Cisitu...

Saya lahir dan besar di Cisitu,... dulu Cisitu seperti sebuah desa. Seingat saya, tetangga saya hanya 4 atau 5 keluarga saja yang tinggal di daerah dimana saya tinggal. Bayangkan, dulu semua rumah yang ada disana adalah rumah panggung, dindingnya dari anyaman bambu yang kami sebut bilik (bhs sunda). Lengkap dengan 'golodog' dan tangga, yang selain berfungsi untuk naik dan masuk kedalam rumah, biasanya kami gunakan untuk gobrol dengan para tetangga yang hanya sedikit itu. Tetapi justru karena sedikit itu, hubungan antar tetangga berubah menjadi saudara.

Walaupun namanya Cisitu, air sangat sulit disini. Kami harus turun ke sungai Cikapundung yang letaknya jauh sekali. Dibawah sana, terdapat banyak sekali mata air, atas inisiatif hasil rembukan warga dibuatlah pancuran-pancuran yang berasal dari tampungan mata air itu, jadi biasanya kami tidak mandi di sungai, tetapi memanfaatkan jernihnya mata air ini untuk mandi dan mencuci pakaian. Nah, karena letaknya jauh dibawah, maka air sukar di temui ditempat kami tinggal. Jadi, setiap kali pulang dari sungai, para bapak membawa jerigen atau ember yang diisi air jernih dari mata air tadi,.... bayangkan, alhasil habis mandi, sampai rumah keringat kembali mengalir hehehe.

Aasinan, loncat tali, sonlah, gatrik, ucing-ucingan dan masih banyak lagi adalah permainan yang saya dan teman saya mainkan di sore hari di halaman rumah saya. Oya, setiap rumah punya halaman yang sangat luas. Halaman rumah saya ditumbuhi pohon jeruk bali, 2 pohon pepaya, dan sekeliling halaman rumah dikelilingi tanaman Baluntas (entah apa namanya dalam bahasa Indonesia). Tanaman ini sering direbus ibu saya untuk dijadikan urap.
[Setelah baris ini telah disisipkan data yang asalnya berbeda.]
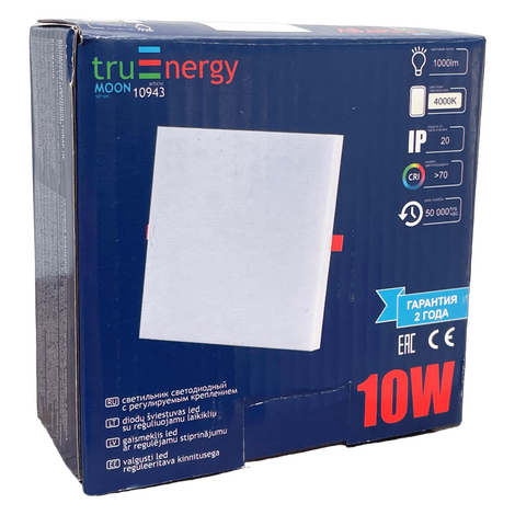 Светодиодный светильник truEnergy с регулируемым креплением квадрат 10W 4000K 1000Lm 98*98мм белый алюминий 10943 имеет матовый безрамочный рассеиватель, который позволяет мягко и равномерно рассеять свет в любом помещении на все 180°. Светильник имеет яркий световой поток 1000Lm. Установка удобная, ведь у него есть регулируемое монтажное крепление, которое можно подогнать под отверстие от 53 до 68мм. Круглое или квадратное, также не имеет значения. Встроенный драйвер высокого качества не только обеспечивает равномерный световой поток без пульсаций, но и работает совершенно бесшумно. Как и другие светодиодные приборы, этот светильник очень экономичный, и в тоже время крайне эффективный вариант освещения любых площадей.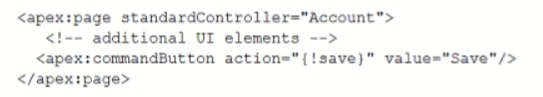 Consider the following code snippet for a Visualforce page that is launched using a Custom Button on the Account detail page layout.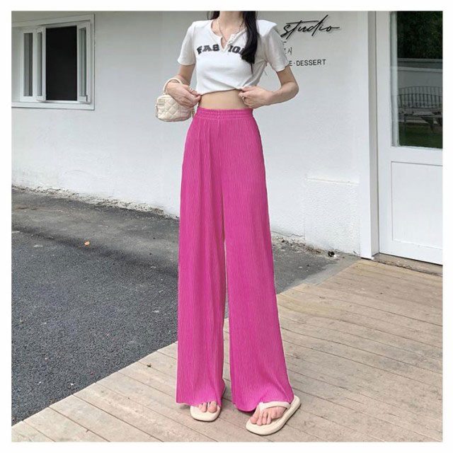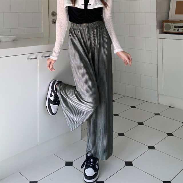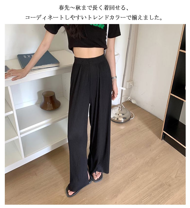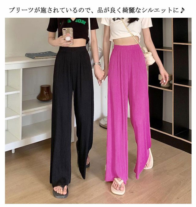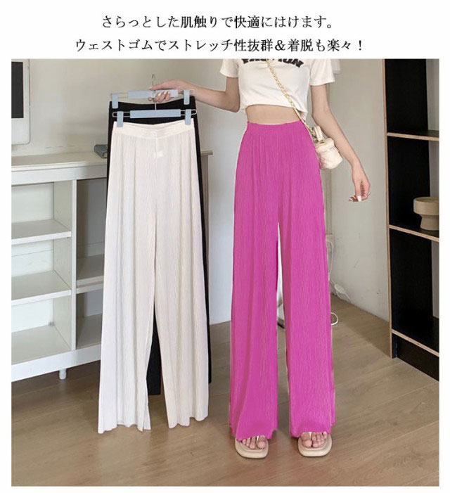 送料無料 切れるパンツ プリーツパンツ シフォン ワイドパンツ プリーツ ウェストゴム ロング丈 パンツ ガウチョパンツ ボトムス プリーツパンツ リブパンツ イージーパンツ 縦ライン セルフカット 裾カットOK 高見え 春 夏

Belum lagi suasana saat Lebaran tiba, saat mempersiapkan acara 17 Agustus yang selalu semarak, dan hmmmm saat terang bulan datang. Biasanya tetangga akan berkumpul di depan rumah duduk-duduk di atas golodong, ditemani dengan rebusan kacang tanah atau pisang rebus, menikmati terang alaminya bulan membuat orang bertahan untuk berlama-lama ngobrol kadang tak sadar tengah malam telah tiba.
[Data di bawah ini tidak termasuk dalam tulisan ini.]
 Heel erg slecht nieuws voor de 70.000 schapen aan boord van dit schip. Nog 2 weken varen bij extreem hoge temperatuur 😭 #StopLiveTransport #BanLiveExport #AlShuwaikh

Suasana seperti ini sering kali saya rindukan. Cisitu tempat dulu saya tinggal telah jauh berubah. Cisitu bukan lagi desa, tetapi telah jadi pemukiman yang cukup padat. Saya tak bisa lagi menemukan rumah dengan halaman yang luas dengan pohon-pohon besar tumbuh di halamannya, kini bahkan jarak satu rumah ke rumah lain hanya dibatasi oleh tembok rumah masing-masing. Tidak ada lagi orang bercakap-cakap sampai larut dibawah terang bulan, tidak ada lagi rasa persaudaraan yang kental, karena tempat itu sekarang dipenuhi oleh pendatang baru. Ya,..semuanya berubah. Kabar baiknya air yang dulu sulit didapat, sekarang air mengalir sangat lancar di daerah itu.
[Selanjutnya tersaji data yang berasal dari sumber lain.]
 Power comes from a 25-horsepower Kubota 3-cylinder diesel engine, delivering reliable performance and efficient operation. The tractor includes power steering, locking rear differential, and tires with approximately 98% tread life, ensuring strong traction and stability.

Saya merasa beruntung bisa melewati masa kecil saya di sebuah desa yang kaya akan rasa persaudaraan, tepo seliro, toleransi, juga yang kaya akan permainan yang tradisional yang sekarang agak susah untuk ditemukan, karena kalah oleh games yang lebih disukai anak-anak sekarang, termasuk anak saya. Kehidupan setiap periode memang berbeda ya..... Apapun yang terjadi saya selalu rindu Cisitu.........

Komentar

  1. hmmm..asyik sekali ya masa kecilnya. Sekarang mah yang kayak gini susaaaahhhh banget didapet.

    Anne

    BalasHapus
  2. Ah akhirnya bisa juga masuk kesini Ezri. Seneng ya punya pengalaman masa kecil yang asyik dan patut dikenang. Sekarang mah udah susaaaahhhh banget ketemu tempat yang kayak begini.

    Anne

    BalasHapus
  3. Hi Anne, thanks ya dah mampir di blog ku. Hm iya rasanya pengen lagi bisa main-main kayak zaman kecil dulu.

    BalasHapus
  4. cisitu semakin padat...pendatang baru terus berdatangan, tapi gua kok ngak inget masa kecil itu menyenangkan heheheh...

    BalasHapus
  5. ya loe masih kecil, palingan udah tidur...hehehe. inget nggak oom lani yang paling lucu kalau lagi gobrol...nggak kan? dia tuh paling bodor.